Friday, 23 August 2019

Handling emails with node.js and Mailparser

After sorting out mail forwarding and piping emails with postfix, I then needed to understand how to handle emails being POSTed to an API endpoint.

To parse an email with node.js, I recommend using Mailparser's simpleParser. I'm using express with bodyParser configured as follows:
app.use(bodyParser.json({
 limit : config.bodyLimit
}));
In your handler:
const express = require('express');
const router = express.Router();
const simpleParser = require('mailparser').simpleParser;
or
import { Router } from 'express';
import { simpleParser } from 'mailparser';
and then
api.post('/', (req, res) => {
    simpleParser(req)
        .then(parsed => {
            res.json(parsed);
        })
        .catch(err => {
            res.json(500, err);
        });
});
Mailparser is excellent, and documented, but the documentation assumes that we're familiar with the email format.
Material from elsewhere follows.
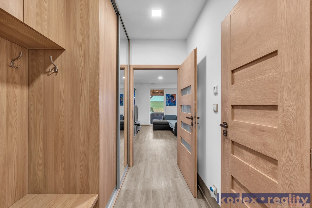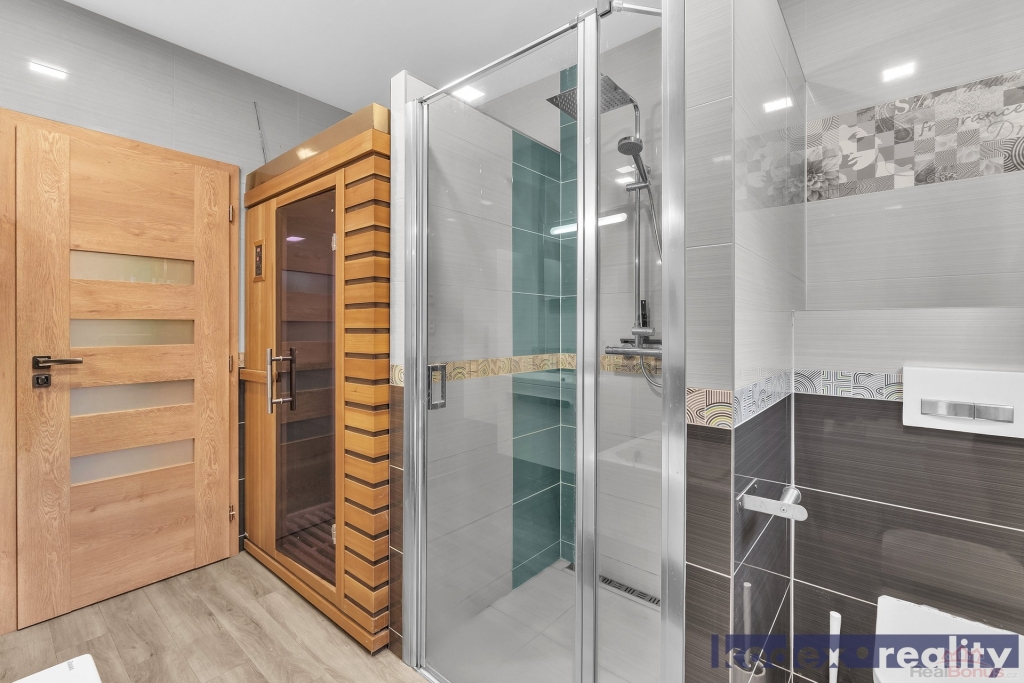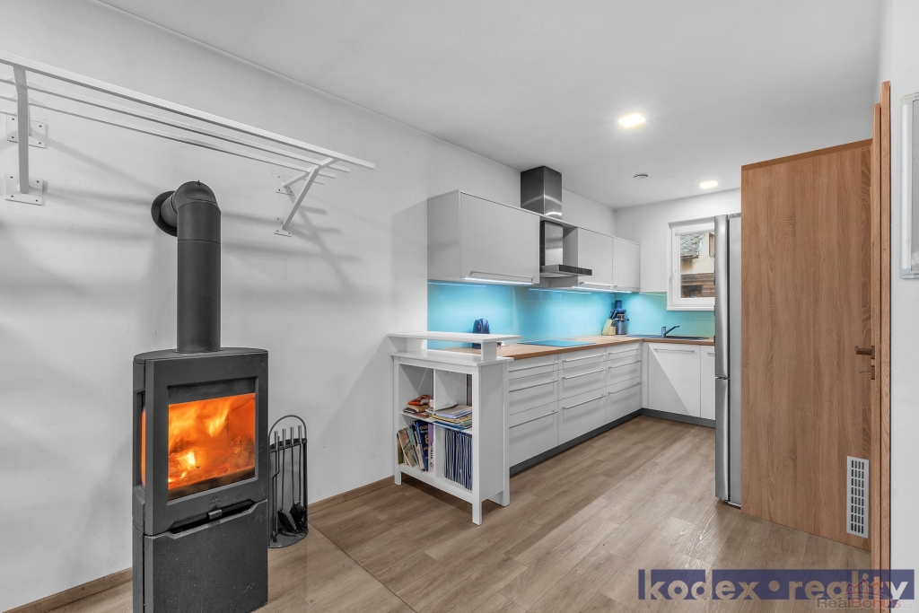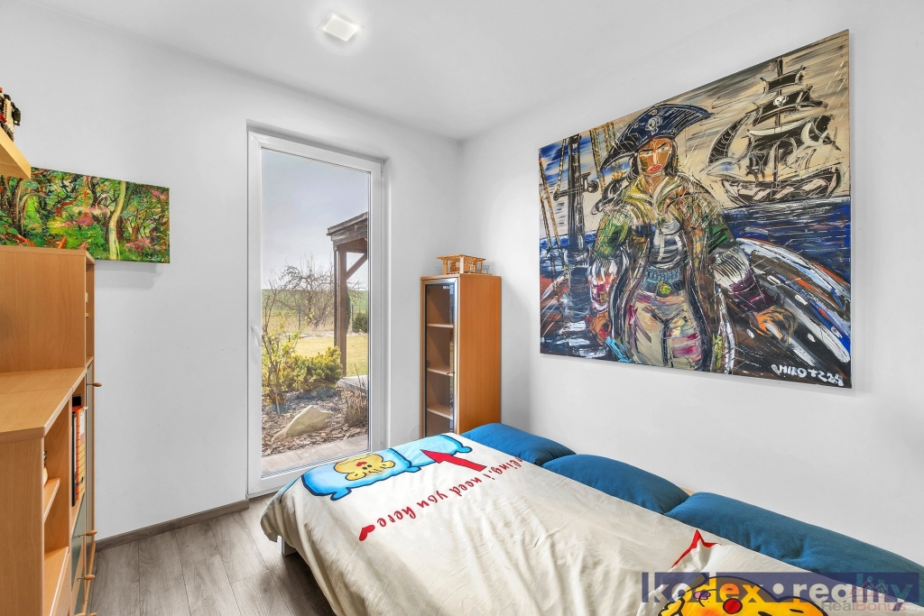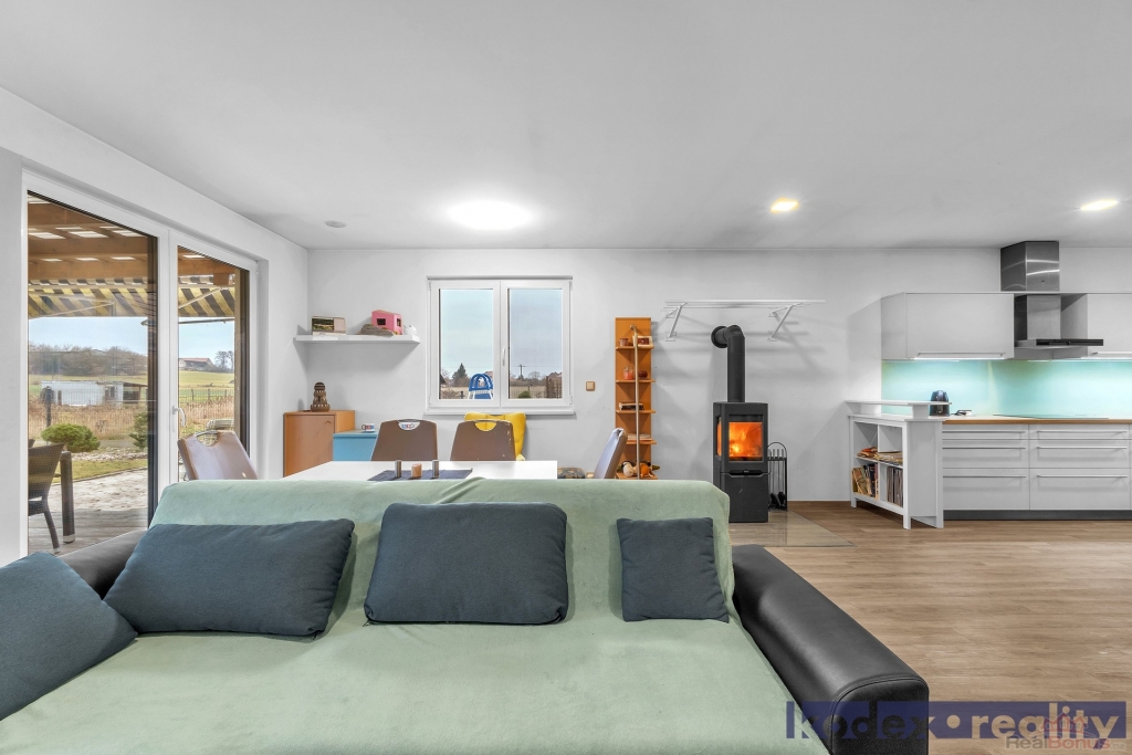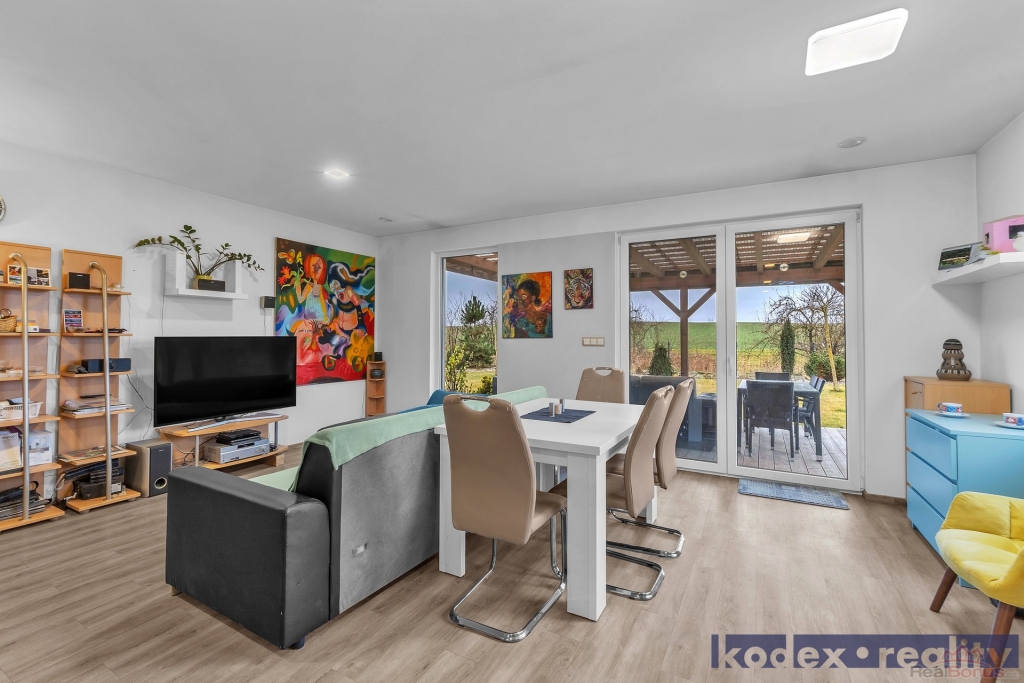 Dispozice: krytý vstup, zádveří s vestavěnou skříní a technickou místností, obytná místnost s kuchyňským koutem se spíží, chodba s přístupem na půdu, koupelna s vanou, sprchovým koutem a saunou, komora, ložnice, dětský pokoj a pracovna a krytá terasa. Vedle RD stojí dílna a sklad na kola, motorky apod. Před domem je postaveno velké garážové stání pro 2-3 auta včetně dodávky. Pozemek je kompéletně oplocen a vpředu je elektricky ovládaná vjezdová brána. Okrasná zahrada je vybavena zavlažovacím systémem, venkovní sprchou, bazeném a krytou terasou.

Fortunately, oblac's example email exists for those of us who aren't!

To test, send the example email to the endpoint via curl:

curl --data-binary "@./example.eml" http://your-domain-name/api/email

or Postman (attach file to "binary").

And we're good to go!

Thursday, 22 August 2019

Mail forwarding and piping emails with Postfix for multiple domains

The past few weeks I've been learning about mail servers, and the biggest takeaway for me is that it's generally worth paying someone else to handle the headache. As usual, the obstacles to configuring a mail server correctly are primarily in the lack of useful documentation and examples, so I'm putting this down here in the hopes that it'll be helpful to like-minded constructively-lazy devs.
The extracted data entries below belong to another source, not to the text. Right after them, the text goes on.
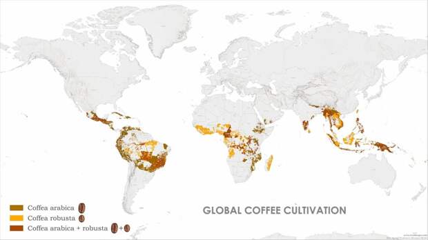 Территории, где производят сорта кофе: арабика и робуста / © vividmaps / Reddit Арабика требует особых условий и предпочитает высоты от 600 до 2000 метров, а иногда растет еще выше. Выращивать арабику — дорого и сложно. Растения подвержены болезням, и для получения качественного урожая необходимо регулярно ухаживать за кустами, удобрять почву и в некоторых районах даже строить системы искусственного полива.
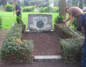 trafen sich am Grab von Otto Lummitzsch um die Grabmalanlage wieder auf Vordermann zu bringen.
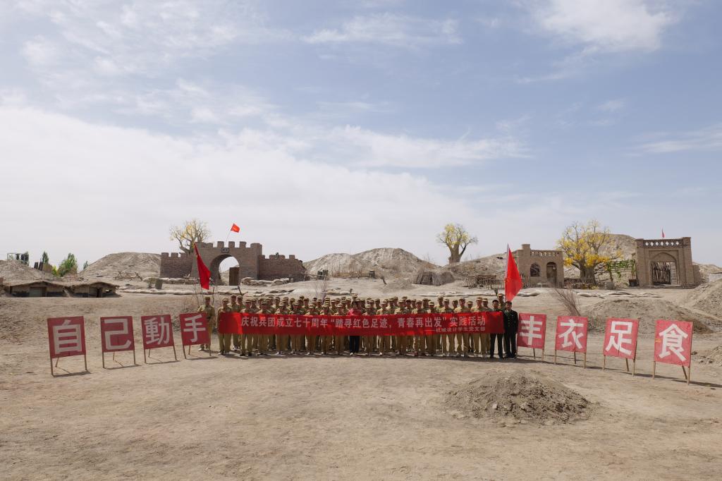 到达教育基地后,进行“扎根促生产”情景剧排演活动,有的人拿镐、有的人拉犁、有的人挑着扁担,再现三五九旅战士们屯垦戍边的光荣岁月,大家切身感受到了老一辈兵团人在自然环境恶劣和物资缺乏的情况下,是如何用青春和热血诠释“热爱祖国、无私奉献、艰苦创业、开拓进取”的兵团精神。
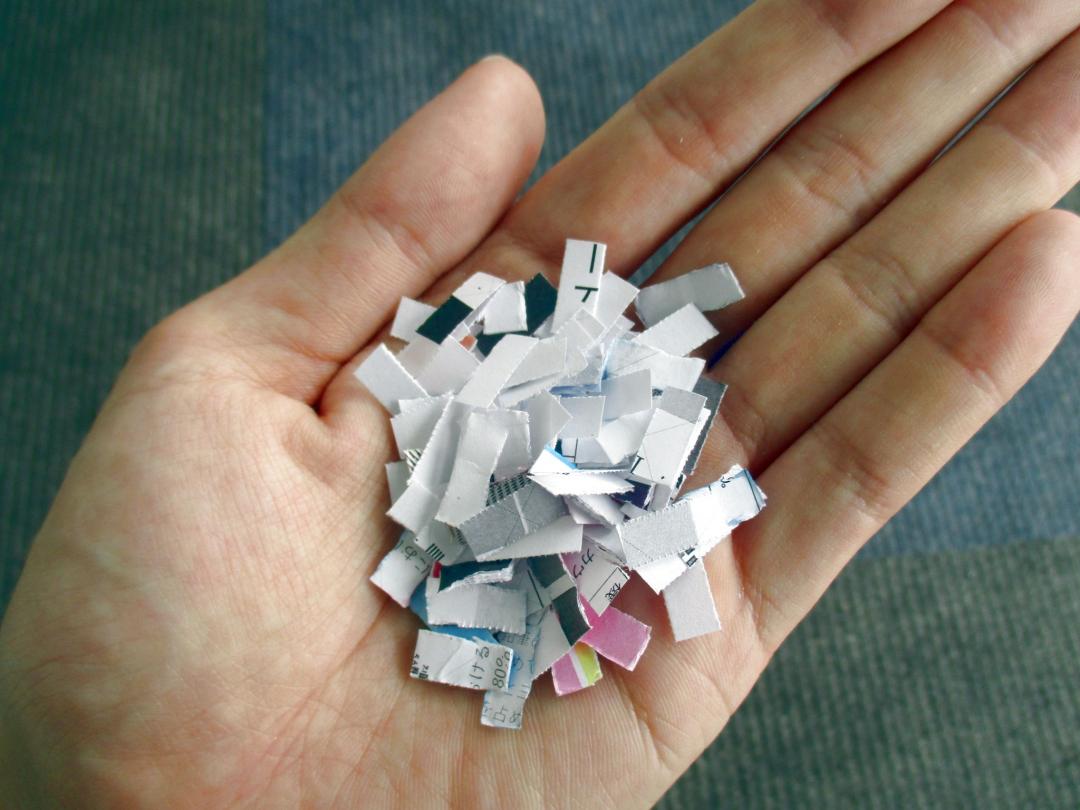 縦切り&横切りによる小さな細断面積で、機密保持を徹底。
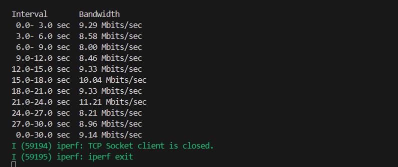 iperf -c <IPv4> -i 3 -t 30
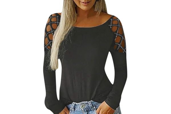 Women Hollow-Out T Shirts O-Neck Long Sleeve Casual Slim Fit Tee Tops Blouses

While I'm happily using mailgun for mail sending (after much frustration I threw in the towel trying to integrate DKIM packages with Postfix to get my outgoing emails secured) I was certain that I could at least have my mail server handle mail-forwarding for my multiple domains, and while that proved to be fairly straightforward I then tumbled down a rabbit-hole trying to get Postfix to pipe certain emails to a node.js script for processing.

    Here are the steps you'll need to take:
  • Set up your A and MX records for your domain, the A record @ pointing to the IP address of the server you’re going to be receiving emails on and MX with the hostname @ and the value 10 mail.your-domain-name

    If your mail server is not the same as your primary A record, simply create an additional A record mail pointing to the correct IP address.
  • sudo apt-get install postfix
    Select "Internet Site" and enter your-domain-name (fully qualified)
  • sudo vi /etc/postfix/main.cf
    • Add mail.your-domain-name to the list of mydestination values
    • Append
      virtual_alias_domains = hash:/etc/postfix/virtual_domains
      virtual_alias_maps = hash:/etc/postfix/virtual
      to the end of the file
  • sudo vi /etc/aliases
    curl_email: "|curl --data-binary @- http://your-domain-name/email"
  • sudo newaliases
  • sudo vi /etc/postfix/virtual_domains
    example.net   #domain
    example.com   #domain
    your-domain-name   #domain
    (the #domain fields suppress warnings)
  • sudo postmap /etc/postfix/virtual_domains
  • sudo vi /etc/postfix/virtual
    info@your-domain-name bob@gmail.com
    everyone@your-domain-name bob@gmail.com jim@gmail.com
    email_processor@your-domain-name curl_email@localhost
    @your-domain-name catchall@whereveryouwant.com
    ted@example.net jane@outlook.com
  • sudo postmap /etc/postfix/virtual
  • sudo /etc/init.d/postfix reload

Monday, 5 August 2019

FreeVote: anonymous Q&A app

I can't believe something like this doesn't exist already! It's far from a polished product, but it's already pretty functional. Feel free to send me feedback, it'll help me prioritize the long list of improvements I've already come up with. This was inspired by my coworkers, every retrospective we all write down answers to sensitive questions "anonymously" on folded papers that one team member gathers and reviews... this way we can do it truly anonymously and all see the results.

FreeVote

Saturday, 6 April 2019

Hosting my own podcast

I've been having trouble with podcast garden, turns out they're a really unprofessional outfit; more half the time their website is inaccessible, and they have poor customer service. Also, they've taken a lot more money off me than I agreed to and I've opened a dispute with PayPal, hopefully they'll sort this all out.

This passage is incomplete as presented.